The task: Each line of the records must appear in your answer exactly, with no pictures.
== Segment start ==
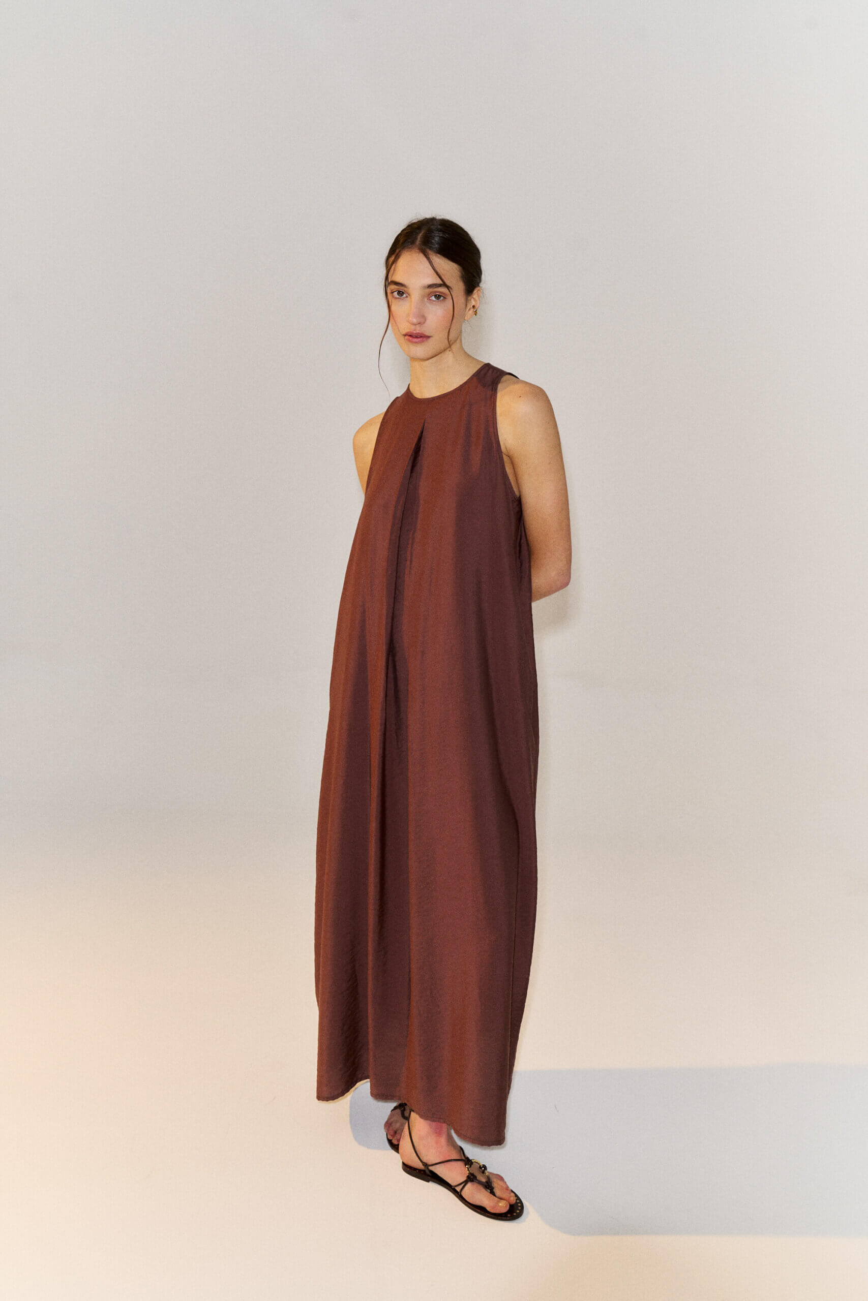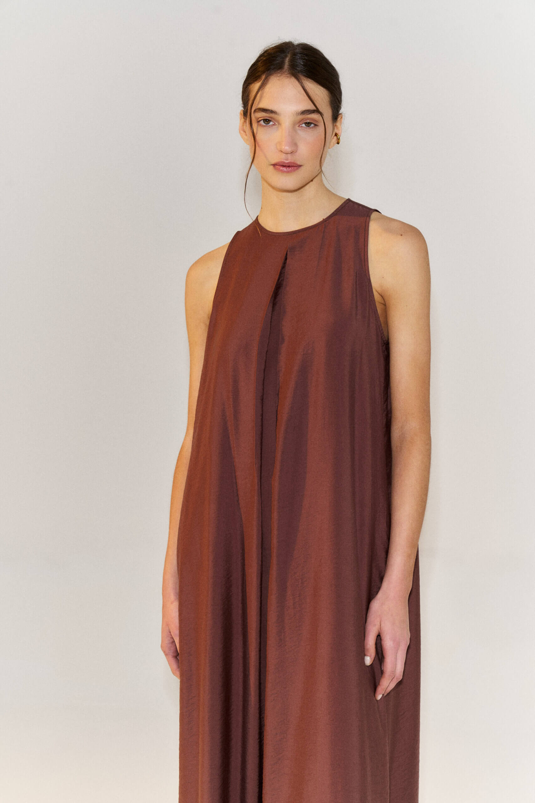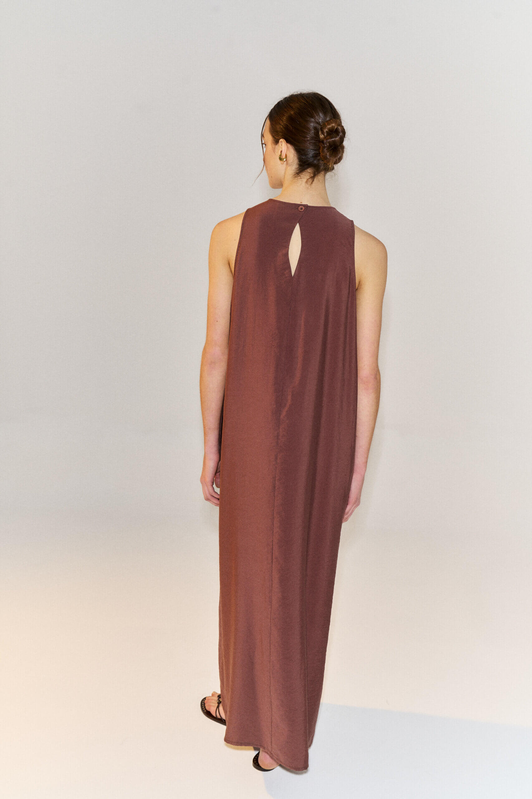 Maxi vestido midi con escote redondo y manga sisa. Cierre en espalda con boton a tono. Confeccionado en viscosa satinada.
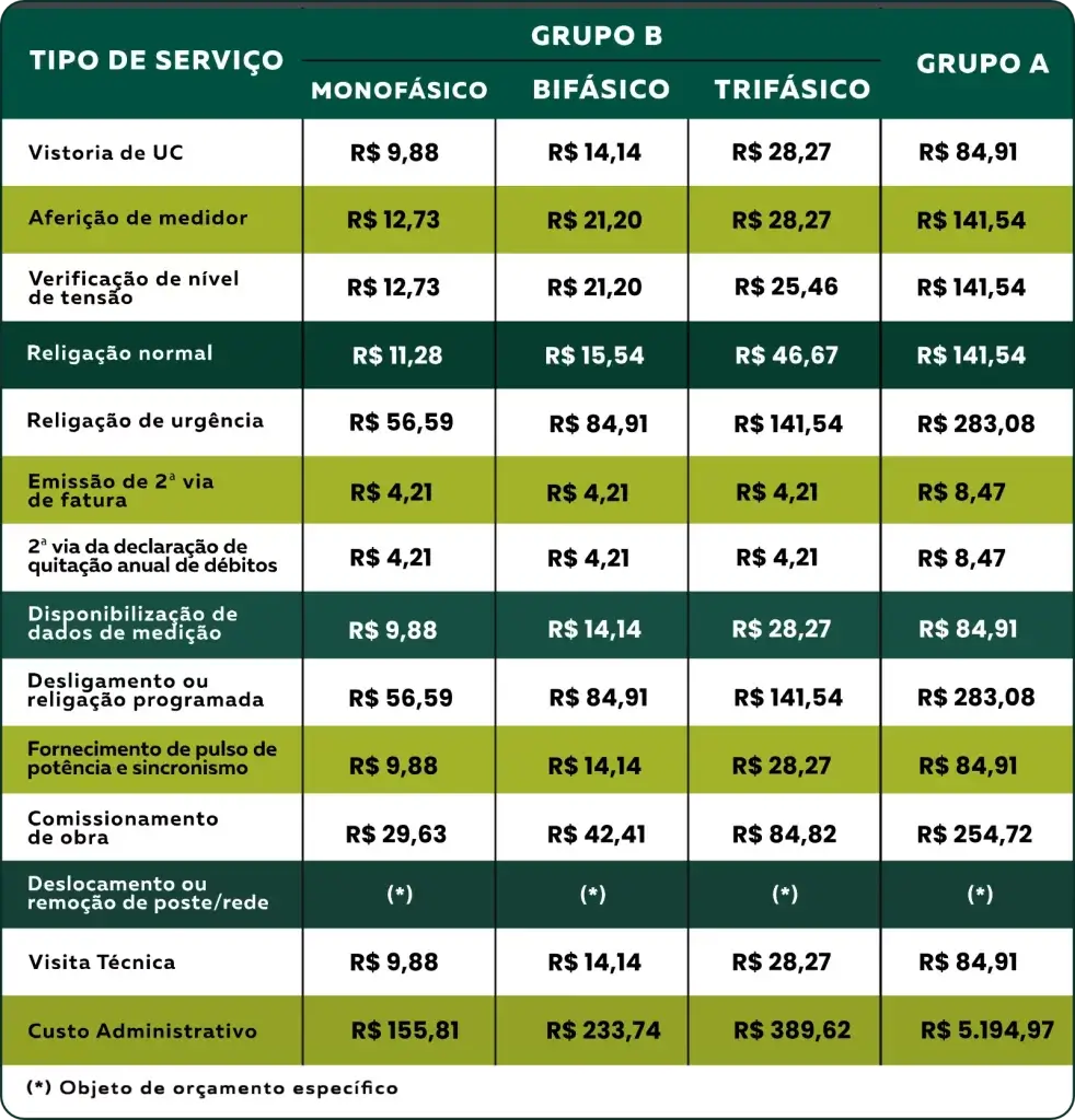 Anualmente, exceto nos anos de revisão tarifária, acontece o reajuste tarifário aprovado pela Aneel (Agência Nacional de Energia Elétrica) mediante publicação de resolução homologatória específica.
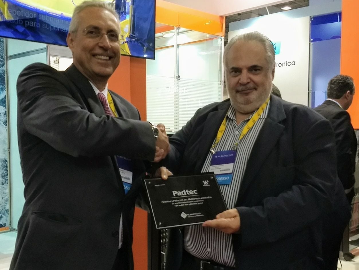 En este marco Horacio Martínez, CEO de Grupo Datco, le entregó a Manuel Andrade, CEO de Padtec, un reconocimiento de Silica Networks, nuestra marca a cargo de la propia red de fibra, por sus 16 años de trayectoria.
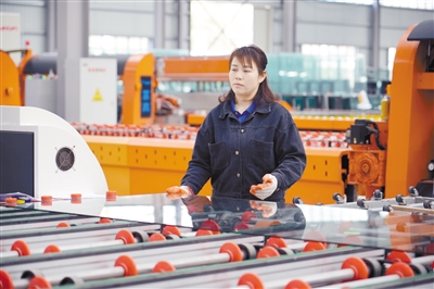 福建标茂玻璃制品有限公司位于龙岩高新区高陂平在村,是一家以玻璃深加工、销售为一体的综合型企业,拥有国内最先进智能型玻璃仓储系统、节能对流型钢化玻璃生产设备。主要生产高端建筑门窗、幕墙、汽车玻璃等产品。所有项目达产后可实现年深加工钢化玻璃120万平方米,年产值1.5亿元。图为20日工人在生产线切割钢化玻璃。 融媒体记者 郭亦斌 章宸睿 摄
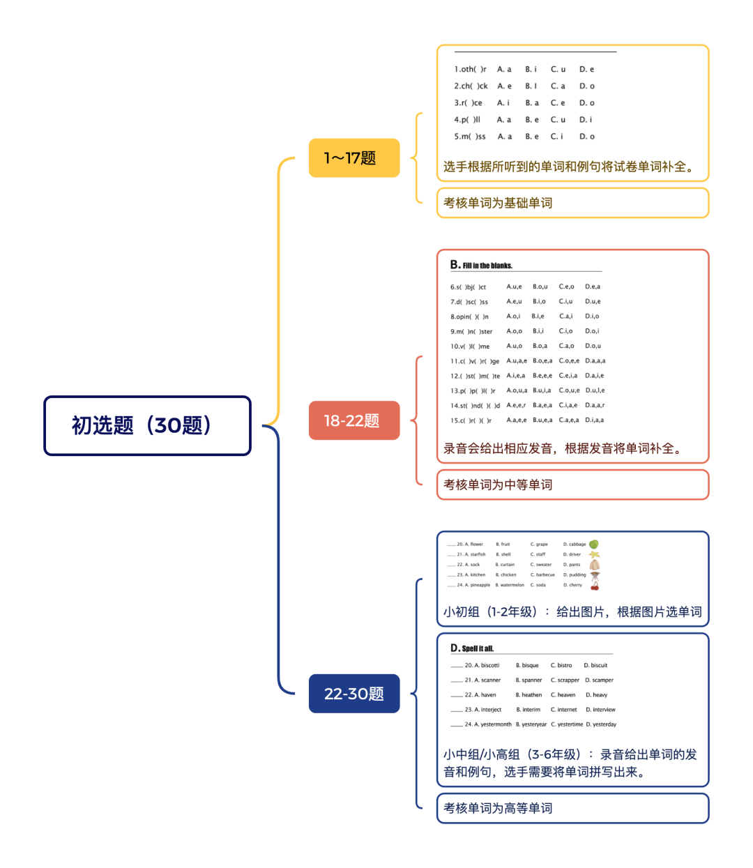 初赛的词汇范围为选手平时词汇积累为主,同时选拔出在词汇方面有一定积累和拼词技巧的选手。
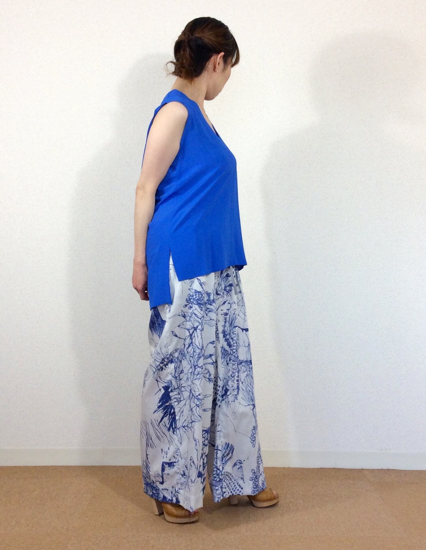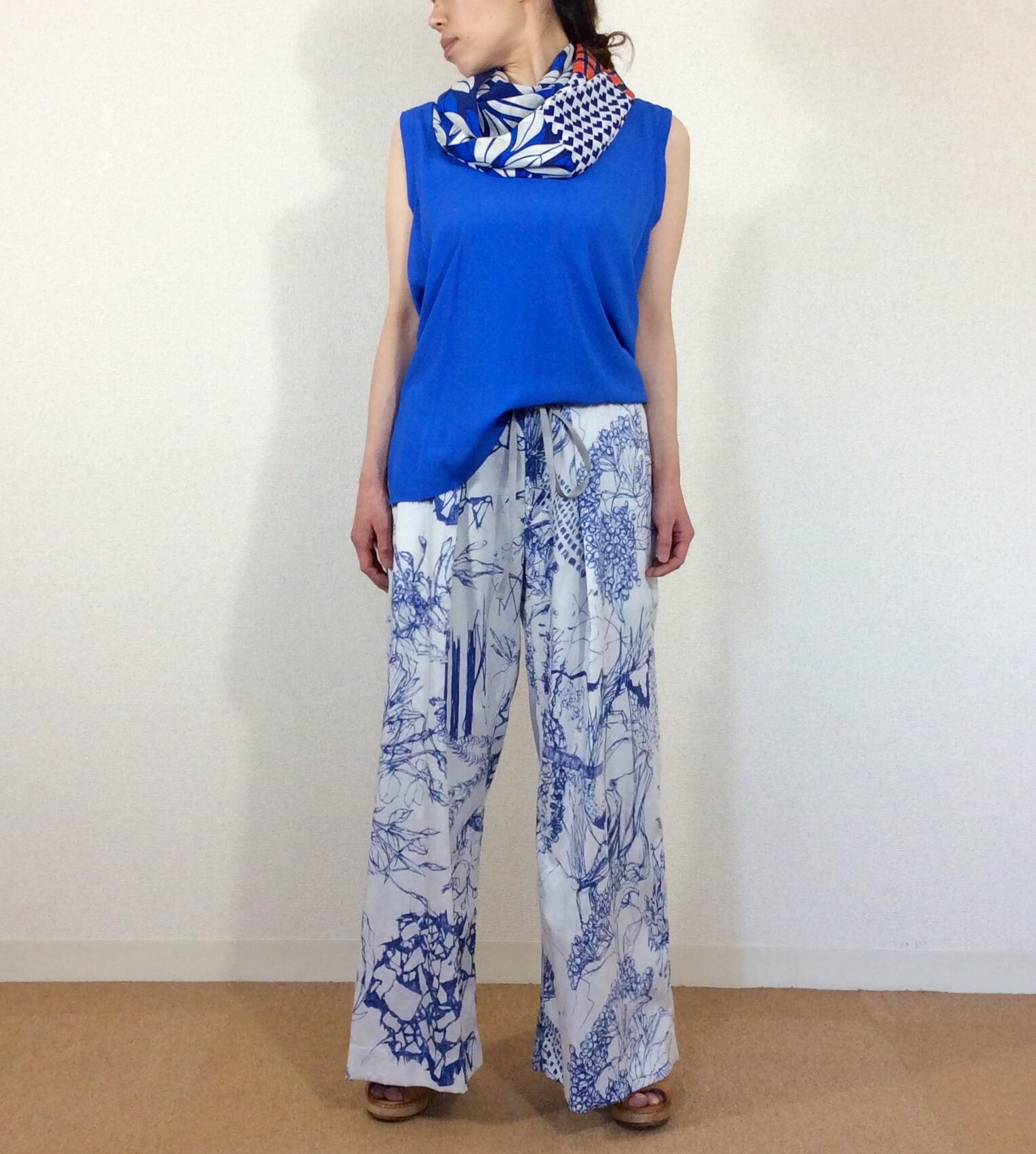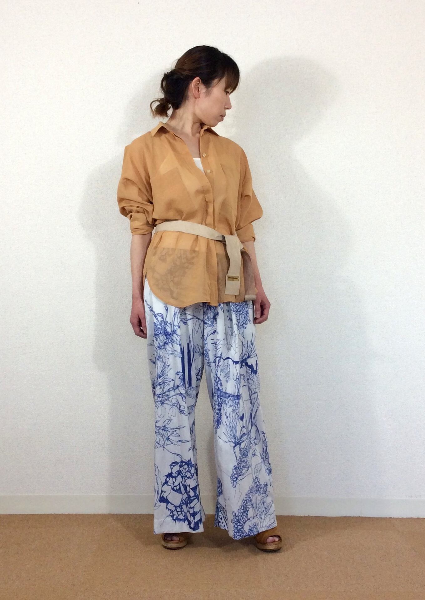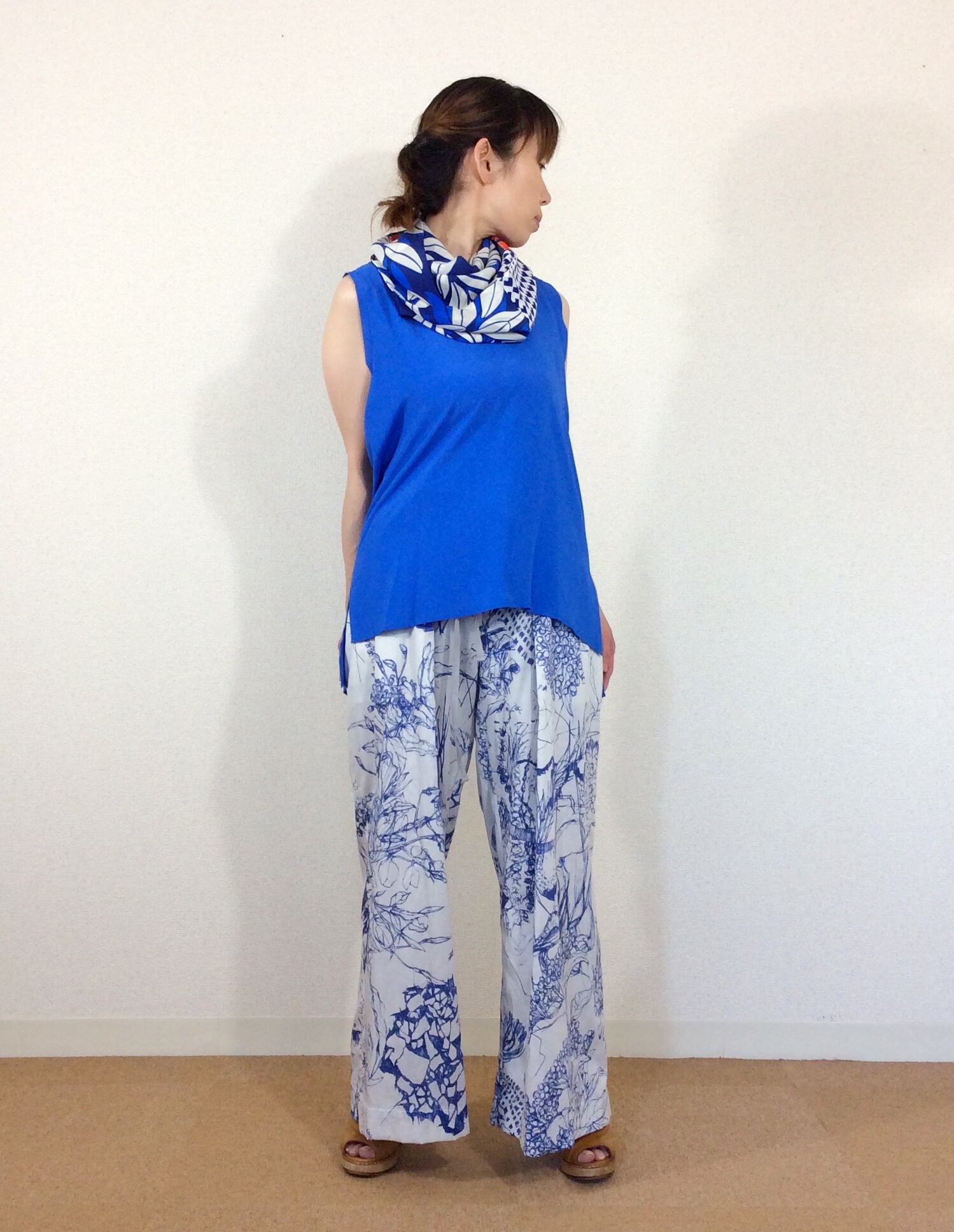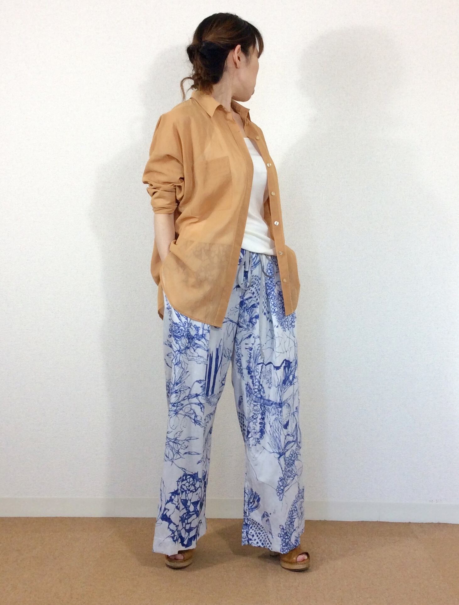 <Coordinate tips>素材にもお色にも清涼感があり、見た目にも涼し気なパンツ。透け感のあるトップスや明るい色で、爽やかに合わせても良いですし。腕を見せて軽い印象にすれば、ブラックとも。
== Segment end ==
Solution to this exercise:
 Maxi vestido midi con escote redondo y manga sisa. Cierre en espalda con boton a tono. Confeccionado en viscosa satinada.
 Anualmente, exceto nos anos de revisão tarifária, acontece o reajuste tarifário aprovado pela Aneel (Agência Nacional de Energia Elétrica) mediante publicação de resolução homologatória específica.
 En este marco Horacio Martínez, CEO de Grupo Datco, le entregó a Manuel Andrade, CEO de Padtec, un reconocimiento de Silica Networks, nuestra marca a cargo de la propia red de fibra, por sus 16 años de trayectoria.
 福建标茂玻璃制品有限公司位于龙岩高新区高陂平在村,是一家以玻璃深加工、销售为一体的综合型企业,拥有国内最先进智能型玻璃仓储系统、节能对流型钢化玻璃生产设备。主要生产高端建筑门窗、幕墙、汽车玻璃等产品。所有项目达产后可实现年深加工钢化玻璃120万平方米,年产值1.5亿元。图为20日工人在生产线切割钢化玻璃。 融媒体记者 郭亦斌 章宸睿 摄
 初赛的词汇范围为选手平时词汇积累为主,同时选拔出在词汇方面有一定积累和拼词技巧的选手。
 <Coordinate tips>素材にもお色にも清涼感があり、見た目にも涼し気なパンツ。透け感のあるトップスや明るい色で、爽やかに合わせても良いですし。腕を見せて軽い印象にすれば、ブラックとも。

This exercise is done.